Web application after compilation, and after clicking an expression. Three different intermediate languages are shown in the bottom image, with \({\textsf {IntLit}}\;5\) clicked in the middle one. In reality, these expressions are not lined up, but may appear further apart. This figure shows them cropped together for convenience.

4 Related Work

What we have achieved is a way of presenting a compiler’s inner workings by both showing intermediate representations, and how each expression in each intermediate representation relates to expressions before and after it. To the best of our knowledge, there is no other tool available that combines these features. We will briefly mention a selection of previous compiler explorers and their features. They have in common that they perform one of these feats—displaying intermediate states of compilation or relating sections of source code and target code—but not both.

The HERMIT tool is a plugin to the Glasgow Haskell Compiler, GHC, that lets Haskell programmers interact directly with the compilation of their source program [8]. By pausing compilation and allowing the programmer to view and interactively perform transformations on the GHC Core language AST, the programmer can find possible optimizations to their source program. HERMIT thus has powerful capabilities not present in the Compiler Explorer presented in this paper. HERMIT does not, however, implement something similar to our expression tracking, but relies on the programmer making manual edits and using version control of the edits to observe different outcomes.

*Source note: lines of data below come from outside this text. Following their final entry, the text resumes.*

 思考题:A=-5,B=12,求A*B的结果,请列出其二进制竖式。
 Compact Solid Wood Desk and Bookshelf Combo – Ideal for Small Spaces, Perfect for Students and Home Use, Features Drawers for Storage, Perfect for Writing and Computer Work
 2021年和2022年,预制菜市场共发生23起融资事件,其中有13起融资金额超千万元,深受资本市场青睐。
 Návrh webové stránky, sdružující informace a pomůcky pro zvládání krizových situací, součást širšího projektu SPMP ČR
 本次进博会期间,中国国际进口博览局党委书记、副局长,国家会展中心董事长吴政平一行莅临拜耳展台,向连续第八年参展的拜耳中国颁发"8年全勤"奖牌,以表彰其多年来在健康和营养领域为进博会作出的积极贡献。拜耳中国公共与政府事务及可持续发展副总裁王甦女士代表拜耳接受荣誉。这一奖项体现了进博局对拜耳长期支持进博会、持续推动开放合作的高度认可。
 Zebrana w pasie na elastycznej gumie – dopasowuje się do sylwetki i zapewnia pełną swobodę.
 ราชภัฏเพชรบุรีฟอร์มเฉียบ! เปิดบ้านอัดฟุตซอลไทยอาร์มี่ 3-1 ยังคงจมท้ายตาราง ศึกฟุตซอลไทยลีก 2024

There exists at least one tool for relating source code in C++, D, Rust, and Go code with corresponding assembly code, line by line [3]. In it, one can highlight the code in the source or the assembly, much the same way as one can in our interface described in Sect. 3.4. However, the tool does not show any intermediate states, and it is therefore not possible to follow the compiler’s inner workings step by step via the tool.

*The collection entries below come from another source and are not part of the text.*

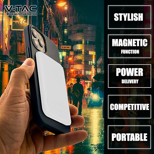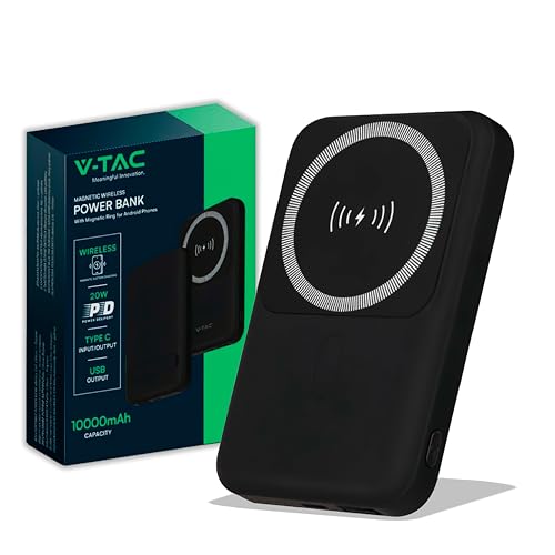 V-TAC Power Bank Magnetico compatibile con MagSafe - 10000 mAh - Ricarica Rapida PD 20W - Batteria esterna per Apple iPhone 12/13/ 14/15 / Mini/Pro/Max - Nero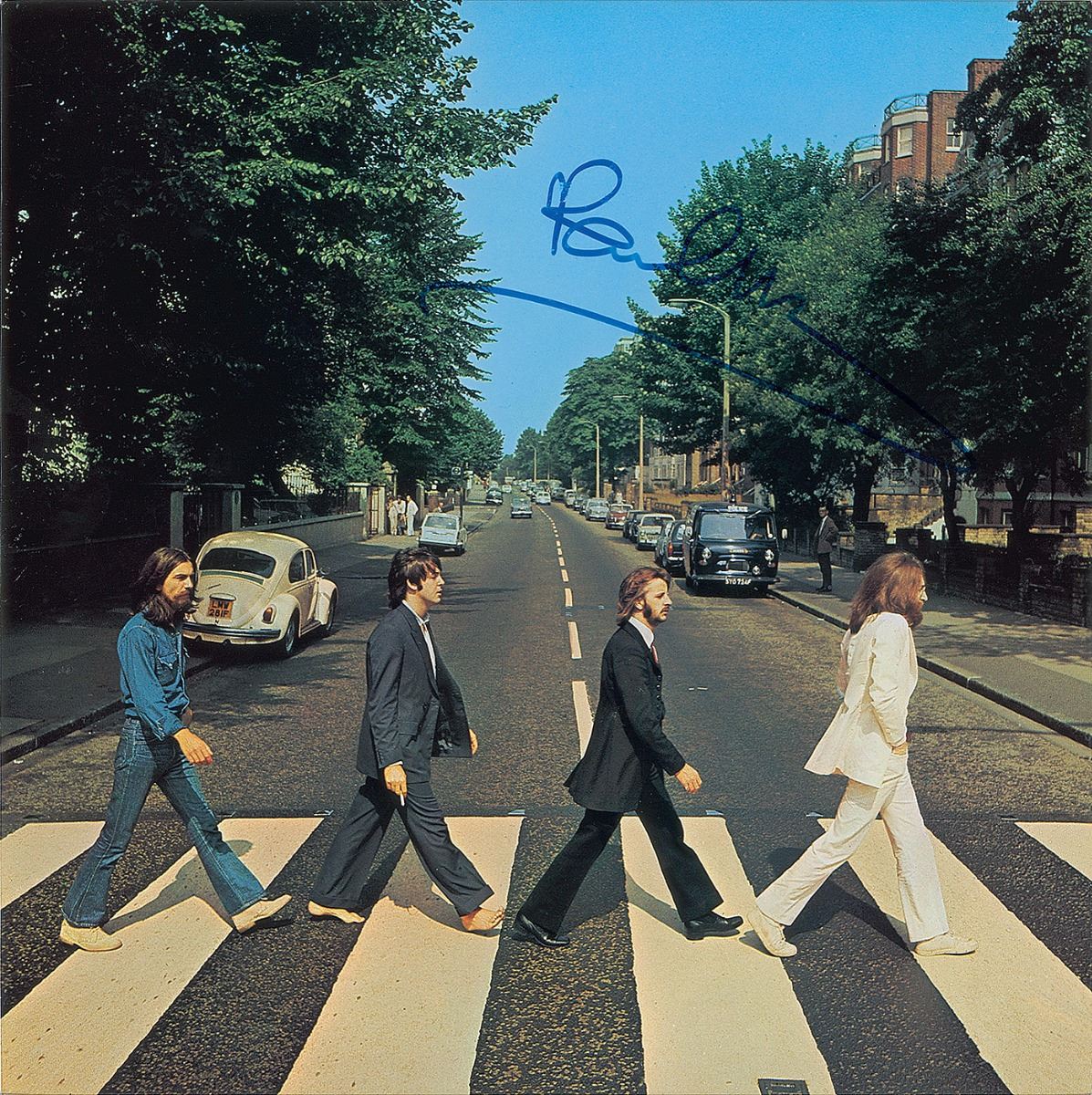 Desirable Abbey Road album, signed across the top in blue felt tip by McCartney. In fine condition. The record is included. Accompanied by a full letter of authenticity from REAL.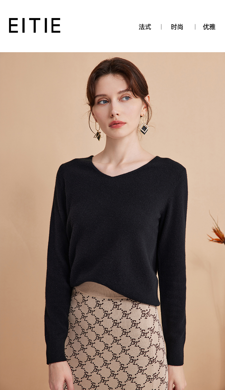 EITIE爱特爱秋季新款羊毛羊绒舒适保暖打底百搭针织衫D2401409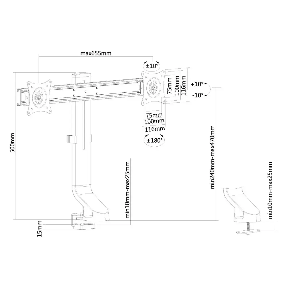 Neomounts FPMA-D860DBLACK. Paigaldus: Klamber/kaitsekrae, Maksimaalne kaal (mahutavus): 7 kg, Ekraani minimaalne suurus: 25,4 cm (10"), Ekraani maksimaalne suurus: 68,6 cm (27"), Paigaldussüsteemi ühilduvus (min): 75 x 75 mm, Paigaldussüsteemi ühilduvus (max): 100 x 100 mm. Kõrguse reguleerimine, Pöördenurga ulatus: -10 - 10°, Kaldenurk: -10 - 10°. Toote värv: Must

There also exists several tools for outputting intermediate compiler states and information about them. Notably, there is an old, deprecated Compiler Explorer for CakeML [2], developed by Yong Kiam Tan. There is also an unparser for an educational compiler made by Sarkar et al. [12] which can pretty-print the compiler’s intermediate states, and the LLVM Visualization Tool [4] which can display intermediate compiler states in a number of ways, such as with call hierarchies and control-flow graphs. What all these tools lack, however, is the possibility to relate sections of code in each intermediate language. One is presented only with the complete intermediate state, without any facilities to relate expressions in them. For anything but very simple programs, it becomes very difficult to follow the actual translation of sections of code and consequently what transformations the compiler actually performs at intermediate steps. On this basis, we believe our approach is viable and fills an important gap.

5 Summary

We have shown how to extend the pure functions of a verified compiler to be able to track expressions as they pass through compilation, and how this tracking information can be presented. To make it possible to track expressions, we introduce the tra datatype and show how its values can be built gradually to encode ancestry. To output this information, we introduce three new intermediate languages with the special purpose of translation that does not interfere with regular compilation but can still show the intermediate results of it. We have also developed a basic interactive interface for visualizing the tracking information.

The changes to the compiler are included in the master branch of the official CakeML repository [1] and our web application can be found in a separate repository [5].